About 190 Muslim workers at the Cargill Meat Solutions plant in Fort Morgan, Colorado have been fired for refusing to show up for work during an ongoing dispute over prayer accommodations. The controversy began when 11 Somali Muslim workers requested to visit the building’s prayer room at the same time. Administrators asked the workers to go in smaller groups to keep production flowing, expressing concerns over work stoppages. But while the workers initially complied, 10 resigned at the end of the day, citing disapproval with the policy.
As news of the incident spread, roughly 200 workers — most of whom are Muslim and all of whom are represented by the Teamsters Union — staged a walkout in solidarity with the Muslim workers, many staying home from work for three days.

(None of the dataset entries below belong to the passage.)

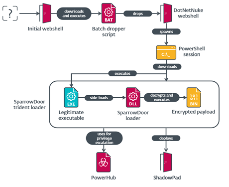 Pour accès initial au réseau, FamousSparrow a déployé un webshell sur un serveur IIS. Les victimes utilisaient des versions obsolètes de Windows Server et Microsoft Exchange vulnérables à plusieurs exploits. L'attaquant a combiné des outils personnalisés avec des logiciels malveillants partagés par d'autres groupes APT alignés sur la Chine, et des outils publics. Les charges finales incluaient SparrowDoor et ShadowPad, avec des plugins permettant d'exécuter des commandes, manipuler des fichiers, enregistrer des frappes de clavier, transférer des données, gérer des processus et capturer des écrans.
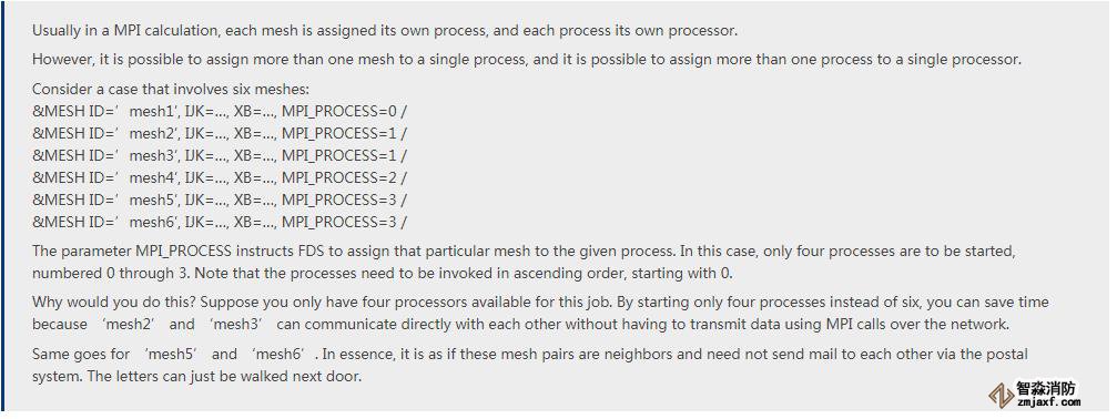 對于使用火災動力學模擬器(FDS)的典型建筑設計計算,將模擬大量空間。為了描述這個計算體積,整個體積的一個或多個子部分被稱為“網格”,并由輸入文件中的&MESH條目定義。在許多情況下,需要不同分辨率的多個網格來準確定義模擬的計算域。大多數現代計算機的每個處理器都有多個“核心”和“線程”,并且通過消息傳遞接口(MPI)功能,FDS允許使用MPI_PROCESS將每個網格分配給給定線程關鍵詞。此功能允許將任意數量的網格同時分配同一處理器以提高計算效率。有關MESH記錄上的MPI_PROCESS和N_THREADS參數的更多信息,下面引用了該部分相關的部分以供參考:
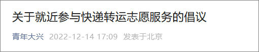 據微信公眾號“青年大興”,北京市大興區於12月14日發佈《關於就近參與快遞轉運志願服務的倡議》。
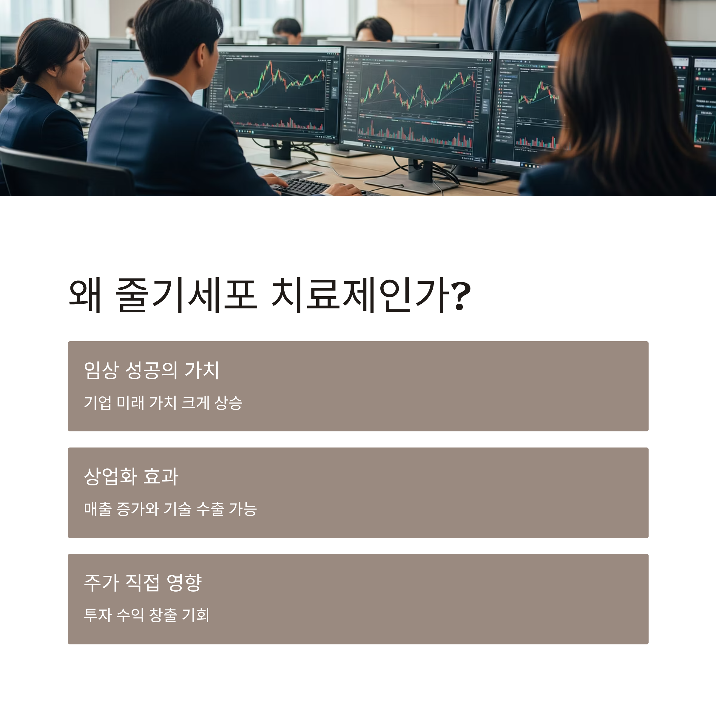 줄기세포 치료제는 임상 성공 그 자체만으로도 기업의 미래 가치를 크게 끌어올릴 수 있습니다. 상업화에 이르면 매출 증가와 기술 수출 가능성까지 더해져 주가에 직접적인 영향을 미치기 때문입니다. 이번 글에서는 임상 완료 또는 상업화를 앞둔 국내 주요 줄기세포 기업들의 임상 현황과 주가 전망을 집중 분석해봅니다. 증권사 리포트와 투자자 추정치도 함께 참고하여 투자 전략까지 정리했습니다.
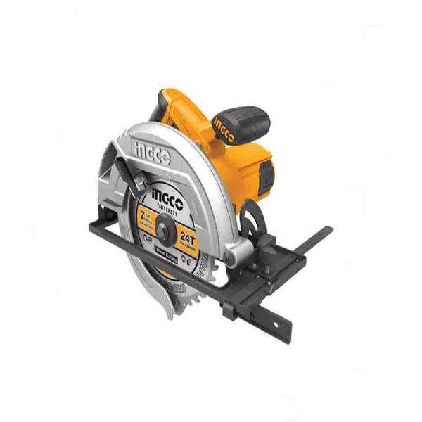 This INGCO Circular Saw delivers 1400W of power with a no-load speed of 4800rpm. It features a 185x20mm blade, providing cutting capacities of 45mm at 45 degrees and 65mm at 90 degrees. The saw offers adjustable cutting depth and bevel cutting for versatile use. Comes with 1 piece 185mm blade, 1 set of extra carbon brushes, and is packed in a color box.

Cargill representatives claim they initially attempted to resolve the issue, but eventually fired workers who didn’t return to the production line.
Previously Cargill had not only allowed the practice but also provided a room for the purpose. The time for the ritual was carved out of a 15-minute break period or from an unpaid lunch break. Cargill denied changing its policy on prayers in the workplace and said such accommodations are not guaranteed. The Council on American Islamic Relations is currently working reach an agreement with Cargill so that those fired workers can return.
Muslim Praying Rituals
There are five obligatory prayers in a day. Muslims pray to one God, facing the Holy Mosque in the city of Makkah (Mecca). They stand before God by making the intention to pray, leaving all other chores and concerns aside.
While standing, the first chapter of the Quran is recited. After the first chapter, any other passage from the Quran is recited.
Muslims then bow to God and glorify him expressing complete submission and humility through prostration and placing of their foreheads on ground. Depending on the time of the prayer, Muslims repeat this cycle once, twice or thrice in each prayer.
In the end (and also in the middle for some prayers) Muslims sit to testify before God, and at the very end, Muslims turn their face to the right and the left, sending God’s Peace on those surrounding them. With this greeting, the obligatory prayer ends.